When Tom Woldert returned to Tyler, he was searching for a Sunday school class.
He visited multiple classes, but ended up in the Friendly Bible Class at Marvin United Methodist Church — the same class his father and grandfather had attended.
Woldert, 59, said it was "the teaching and the people" that drew him in, and it is that Bible-grounded teaching and fellowship that has kept him in the class for more than two decades.
Similar sentiments about the class were shared Friday as it celebrated 85 years.
An estimated 100 people gathered at the church for the occasion, which included a group photo, dinner, the singing of the class theme song, "Help Somebody Today," and a program.
"It's kind of like a homecoming in a way," class member Edwina Bulman said as attendees ate.
During the program, members spoke about the class and their family's history with the church. The Calvin N. Clyde Jr. Discipleship Award also was presented to class teacher and dentist Dr.

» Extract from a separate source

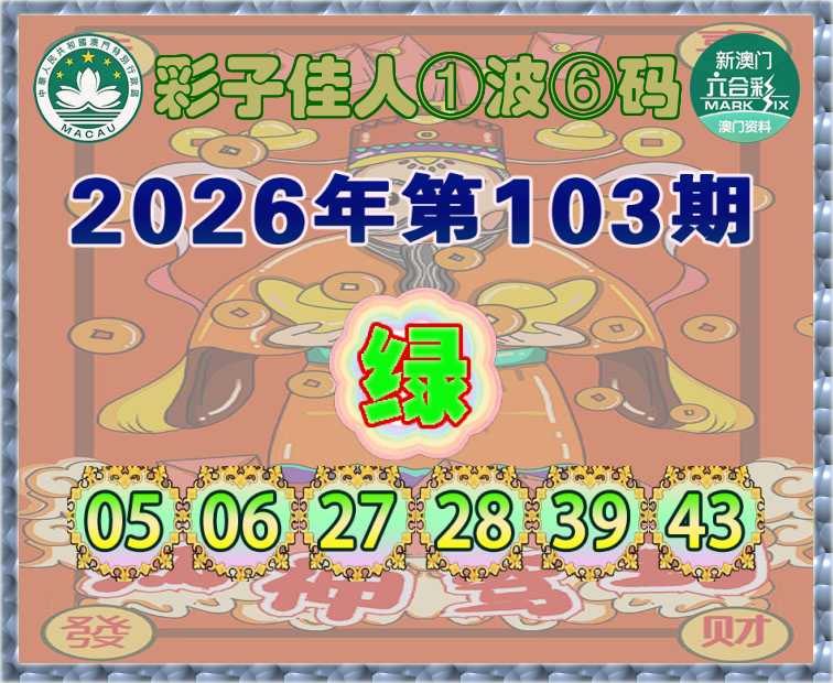 103期:『彩子佳人』 ①波⑥码【绿波】开:牛06准

David Nichols.
Nichols, who is in his 21st year as the teacher, has done a lot of mission work, including numerous trips to Belize, and has reached out to many people over the years, Ms. Bulman said. Nichols also has been involved with Bethesda Health Clinic and Texas Mission of Mercy.
Before presenting the award, Clyde's son, Thomas Clyde, described Nichols as someone who is "always helping someone or planning the opportunity to do so" and "never too tired to preach."

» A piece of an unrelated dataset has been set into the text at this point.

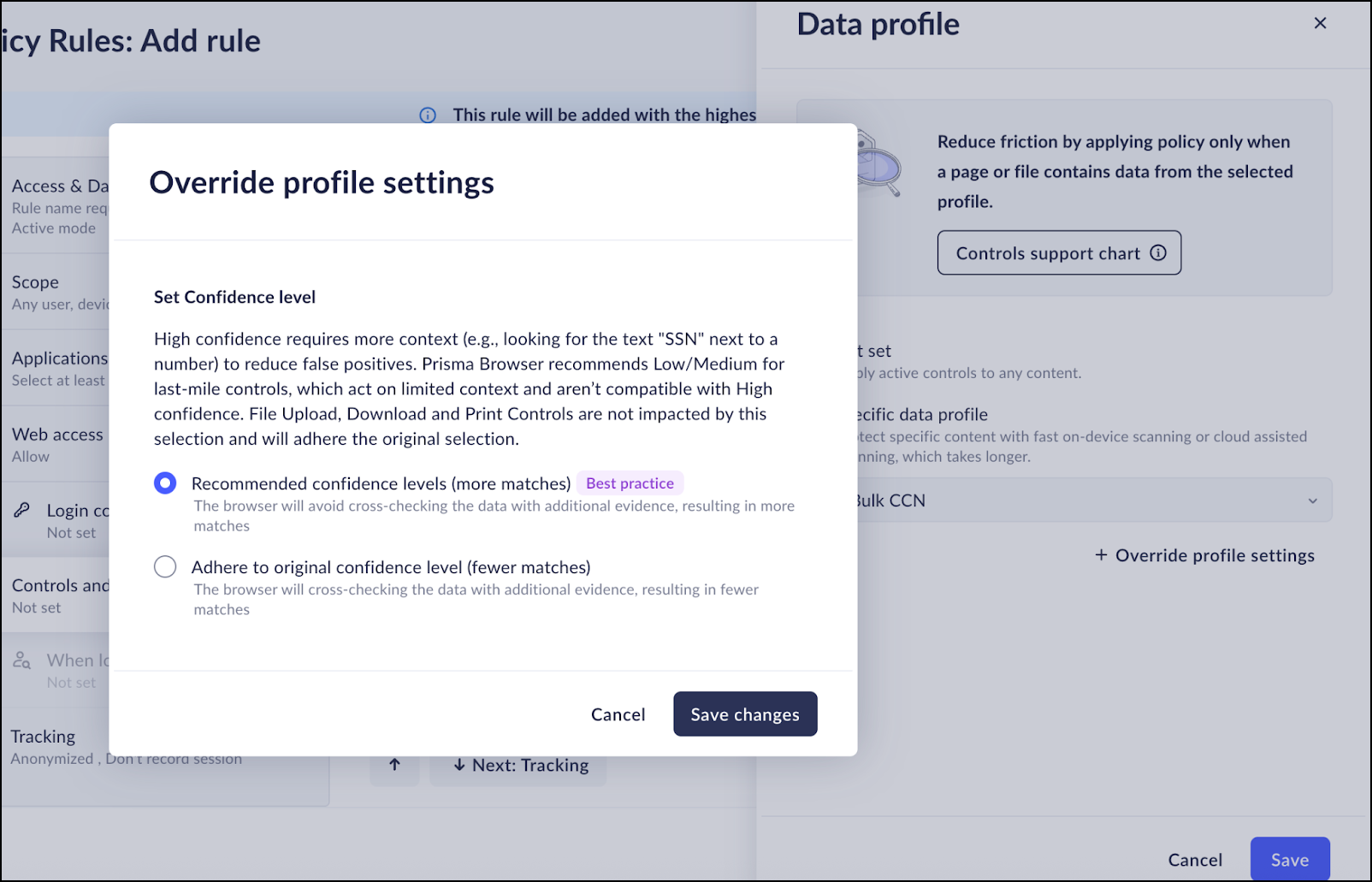 • Data Profiles must be defined in the central EDLP console before they can be applied in Prisma Browser.

"Like Mr. (Calvin) Clyde, (Dr. Nichols) has given so much time to the community," Ms. Bulman said. Mr. Clyde, who passed away earlier this year, had "been a faithful member. … When something was needed, he was there and supportive of (the class) mission, so we felt like David Nichols represented the spirit Mr. Clyde gave."
The award plaque also describes Calvin Clyde as "an exemplary witness for his Christian faith and devotion to God, country, family, and friends."

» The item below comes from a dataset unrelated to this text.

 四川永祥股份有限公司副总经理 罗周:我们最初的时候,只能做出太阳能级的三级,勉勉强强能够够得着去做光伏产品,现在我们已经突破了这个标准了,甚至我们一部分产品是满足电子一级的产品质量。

"A man of wisdom and also wit, he was a leader with rare insight in business, community and civic endeavors. His extensive philanthropic efforts generously included investing in others for the advancement of Christ's kingdom," the award plaque reads.
The Friendly Bible Class began in 1928 "as a small gathering of young men for mutual encouragement and Bible study," and since "has turned out to be nothing less than an institution," according to a history of the class.
"For the members, who for many years were only men, it was the place to be on Sunday morning. Whatever the felt needs of those early class pioneers, the meeting struck a chord that has resonated clear into the 21st century," according to the history.
The class has met "in whatever spaces were available," according to the history. But today, Woldert said the class takes place in an all-purpose room at the church.
Women started to attend in the 1950s, "about the time the old Fellowship Hall was completed," and famous visitors include moviemaker Cecil B. DeMille, comedian Harold Lloyd, football hero Red Grange and war hero Jimmy Doolittle.
Ms. Bulman said the class theme song, "Help Somebody Today," exemplifies the spirit of the class.
She said the Bible-oriented class, which averages 75 to 80 attendees each week, reaches out to various missions and has been on the radio since the 1930s.
"To me it's called the Friendly Bible Class, so there's a real sense of friendship. There's a real sense of growing in our faith," she said.
Ms. Bulman, 67, said she grew up knowing about the class but was part of other classes before joining the Friendly Bible Class.
"Now, at this point, I look forward to seeing people. I look forward to hearing (a) message each Sunday. I'm glad I can contribute through the class to missions," she said.
Ms. Bulman, who has been in the class about 15 years, said it has diversified throughout the years. It's primarily an "older group," she said, but the class has recently attracted younger people and both single people and couples attend.
Ms. Bulman said members may not see each other each week on a social level, but the love of Jesus and Bible teachings bind them.
She said the class holds parties during the year, and this year, they started ladies' brunches, so women can become better acquainted.
Class member Rick Murphey, 62, said everyone in the class "looks out for each other."
"Everybody serves and gets along. There's just a diversity to the class," he said.
Violet Rhodes, who played piano on Friday as attendees sang along, has been a member for more than 30 years.
The 88-year-old said she was in a ladies class, and when that disbanded, she joined the Friendly Bible Class.
"It's just really a wonderful group of people," she said.
Class member Elizabeth Sutton, 82, said she finds the whole experience of the class uplifting, from the wonderful lessons and camaraderie to the missions and music.
Of the 85th birthday, she said, "It's an opportunity we shouldn't miss to celebrate."
Reaves Murphey, 83, who joined the Friendly Bible Class in 1953, said, "It's a wonderful class. You couldn't beat it."
Class president Donna Dahms described the class as one that is "passed down from one generation to the next" and has supportive members, along with "prayer warriors that are faithful and true."
One of the newest members, 28-year-old Chantelle Farr, started coming about two months ago. She said the people are nice, and she loves that they're so involved in each other's lives.
And Nichols, who called the class "one of the main things that blesses my life," quipped to Friday's audience, "It's a wonderful class, and we do have a lesson prepared for Sunday."